CAN 2025 : le dossier brûlant 

Le Maroc sera hôte de la CAN 2025. Et il veut absolument la faire jouer en été de la même année. En tant que membre très influent au Bureau exécutif de la Confédération africaine de football (CAF), Fouzi Lekjaâ œuvre dans ce sens. Sauf qu’il y a un problème (et pas des moindres) : la période entre juin et juillet est déjà réservée par la… FIFA qui organisera la Coupe du Monde des clubs du 15 juin au 13 juillet. Et la Confédération africaine de football (CAF), que préside Patrice Motsepe, ne peut pas se mettre à dos l’instance mondiale en volant la vedette au Mondial des clubs. C’est pour cela qu’il y a une envie de réajuster le calendrier.

Par Mohamed Touileb

La détermination à organiser la CAN à l’été 2025 semble ferme du côté de nos voisins, et ce, malgré un calendrier footballistique défavorable pour tenir la messe continentale à cette période.

Dès lors, les plans des Marocains sont suspendus à une dérogation de la FIFA. Et la conception de la compétition de la Fédération royale marocaine de football (FRMF), que chapeaute Faouzi Lekjaâ, est préétablie. Avec une proposition pour le moins peu commune. Inédite même et à ranger dans l’inconcevable sur le plan sportif.

La fraîcheur physique en péril

Ainsi, la FRMF imagine une compétition se déroulant à la troisième semaine du mois de juillet (23 juillet – 21 août) 2025. Cela signifie qu’il y aura chevauchement entre la Coupe du monde des clubs FIFA 2025, qui se tiendra dans l’intervalle cité plus haut aux Etats-Unis, et la 35e édition de la CAN.

Mais ce plan présente aussi une autre anomalie puisqu’il plombera le cycle de préparation des joueurs africains concernés par le Mondial des clubs. Dans le planning, une CAN jouée à la date souhaitée par le Maroc interviendra en amont de la saison post-Coupe du monde FIFA 2026 qui devra commencer plus tôt que dans les années “ordinaires”.

Pour faire simple, il y a la crainte que les joueurs africains n’aient pas véritablement de repos. Inhumain. De plus, on peut noter qu’il n’y pas de date FIFA pour juillet et août. C’est pourquoi les compétitions comme l’Euro, la Copa America et le Mondial se jouent habituellement entre juin et juillet.
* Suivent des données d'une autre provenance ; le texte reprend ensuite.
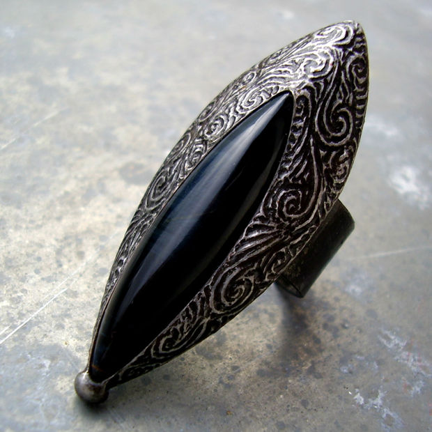 Cínovaný prsten se sokolím okem, průměr obroučky při nejužším stažení 1,9 cm

La FIFA devra donner son feu vert

Le « wishful thinking » du Maroc nécessitera donc une dérogation de l’instance internationale afin d’exécuter ce calendrier estival de la CAN qui ne s’est tenue qu’une seule fois en été. C’était lors de la séquence 2019 en Egypte. Mais tout n’est pas lié à cette dérogation car il y a une autre contrainte. On peut aussi y ajouter les contraintes climatiques avec des températures sensiblement élevées en cette période au Maroc. Et ce n’est pas ce qui aide à préserver la fraîcheur physique pour des organismes. Certains sortiront d’une saison marathon (ceux qui joueront le Mondial des clubs) quand d’autres devront suivre un programme spécifique pour rester compétitifs.

Contraintes pour le diffuseur

En février dernier, Véron Mosengo-Omba, le secrétaire général de la CAF, avait envisagé que la CAN se tienne en été. Il avait noté que « l’été c’est juin, juillet et août ». Pour le Congolais, la température ne sera pas vraiment un problème même si le mercure peut atteindre 40 degrés la journée. « On peut jouer la nuit non ? Il n’y a pas de soucis », a-t-il imaginé.
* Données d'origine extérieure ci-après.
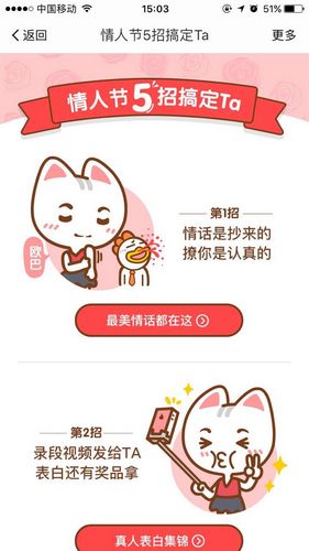 相比于各种庆祝方式,单身男女们则更坦言能有一个陪伴一生的爱人才是情人节最好的礼物。对此,易信针对情人节也推出相关活动——“情人节5招搞定Ta”,通过最美情话、真人表白、红包示爱、限量情侣公仔、亲密电话五大专区教你get情人节必备技能。

Un peu trop euphorique ? Probablement. Parce que si tous les matchs se jouent en nocturne, l’épreuve durera deux mois en plus d’une programmation qui n’arrangera pas les diffuseurs. Les pertes risquent d’être énormes pour la CAF. D’autant plus que la structure confédérale est à la recherche constante de revenus pour la rendre plus attractive.

M.T.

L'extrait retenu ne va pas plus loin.